A Bachmann On30 2-6-0 with a new cab and oil bunker.


----------



## Stumpy (Mar 19, 2013)

That's a great pic!


----------



## Maddog (Jan 14, 2016)

Here is an Athearn SW1500 with a new cab. Still much to do.


----------



## Maddog (Jan 14, 2016)

Making progress. The orange paint is starting to grow on me.
The radiator grill was made from a common comb. 
Starting on installing the MRC Loco Genie.


----------



## Maddog (Jan 14, 2016)

Number 8 crossing Buckensnortt Creek.


----------



## cole226 (Feb 8, 2013)

Hey Dog, is that a Mounty I see in #8. Where is the NI&E? Oh and I like the camp tent in the background.  You're pretty tricky.


----------



## Maddog (Jan 14, 2016)

Randy,

No Mountie there, the workers just wear whatever is comfortable. Most of my figures are modified 1/35 scale WWII military figures. The tent was made from dryer fabric sheets soaked in diluted white glue and allowed to dry. Then bent over and glued to a wood tent frame. Some paint to give it a tan/grey color. The NI&E (Nye, Inyo & Esmeralda) is located in western Nevada and eastern California (just a tad north of Death Valley). Nye and Esmeralda are counties in Nevada, and Inyo is a county in California. The line starts at San Miguel and heads in a northwesternly direction serving a borax tipple and a salt works. There is a 42" gauge line that runs east from San Miguel and interchanges with the Tonopah & Tidewater completing a connection to the outside world.


----------



## Maddog (Jan 14, 2016)

Here is a shot of some dual-gauge trackage (24" & 42") including a dual-gauge stub switch.


----------



## cole226 (Feb 8, 2013)

Good Stuff!! 🆒


----------



## Gramps (Feb 28, 2016)

Very subtle that the Sheriff's Office is being run by The Lone Ranger and Tonto.


----------



## Maddog (Jan 14, 2016)

SW1500 with LocoGenie installed in the cab.


----------



## The USRA Guy (Apr 26, 2020)

Looks great👍


----------



## cole226 (Feb 8, 2013)

that switcher turned out nice.


----------



## Andreash (Dec 30, 2018)

Nice work...cheers


----------



## Maddog (Jan 14, 2016)

Here Raquel is entering the Bloated Goat Saloon.

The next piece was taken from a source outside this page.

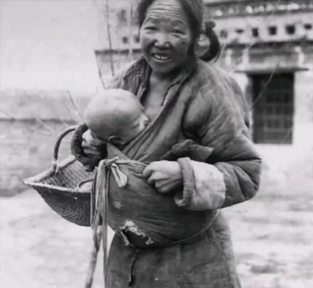 这张脸上的皱纹叫风霜,眼角全是细细的沟,笑意却从缝里往外溢,孩子在篓里找手玩,旁人看一眼就知道,这家人虽然清苦,可心还是热的。

She looks better after a few beers.


This is a 1/35 scale resin figure I picked up on fleabay.


----------



## KG Bird (Jun 17, 2018)

Color me VERY impressed, the detail and overall vibe are outstanding.


----------



## Gramps (Feb 28, 2016)

Maddog said:


> Here Raquel is entering the Bloated Goat Saloon.
> View attachment 544026
> 
> 
> ...


----------



## Gramps (Feb 28, 2016)

Like the old song "The Girls All Look Prettier at Closing Time"


----------



## Maddog (Jan 14, 2016)

Even though I model desert scenery planned extensions are for the railroad to eventually reach the east side of the White Mountains and engage in some logging. I wanted some kind of operating mechanism that would unload the logs. Just doesn't look right to spot a load at the mill, and then return the same loaded car back to the forest like the guys at the mill didn't want it.





















It's a simple pull-push affair. Pull the knob and the arm rotates across the car dumping the logs. Push the knob back and the arm returns to its normal position. Similar to a jill poke (Gill Pokes and Gin Poles for unloading the redwood lumber).

I made it out of brass so that it would stand up to abuse. So far so good.


----------



## Maddog (Jan 14, 2016)

Here is #8 crossing Washington Street in San Miguel heading west to Manly Siding with a few empty borax cars.


----------



## Maddog (Jan 14, 2016)

#8 and #42 meet up at Manly Siding on the salt flats. The NI&E has several water cars on the roster.


----------



## Gramps (Feb 28, 2016)

Very nice, thanks for the update.


----------



## Maddog (Jan 14, 2016)




----------



## Maddog (Jan 14, 2016)

Testing out the new log dump trackage.


----------



## Maddog (Jan 14, 2016)

cars waiting to be spotted at Manly Siding.


----------



## Maddog (Jan 14, 2016)

Engine #8 posing at Manly Siding.


----------



## Maddog (Jan 14, 2016)




----------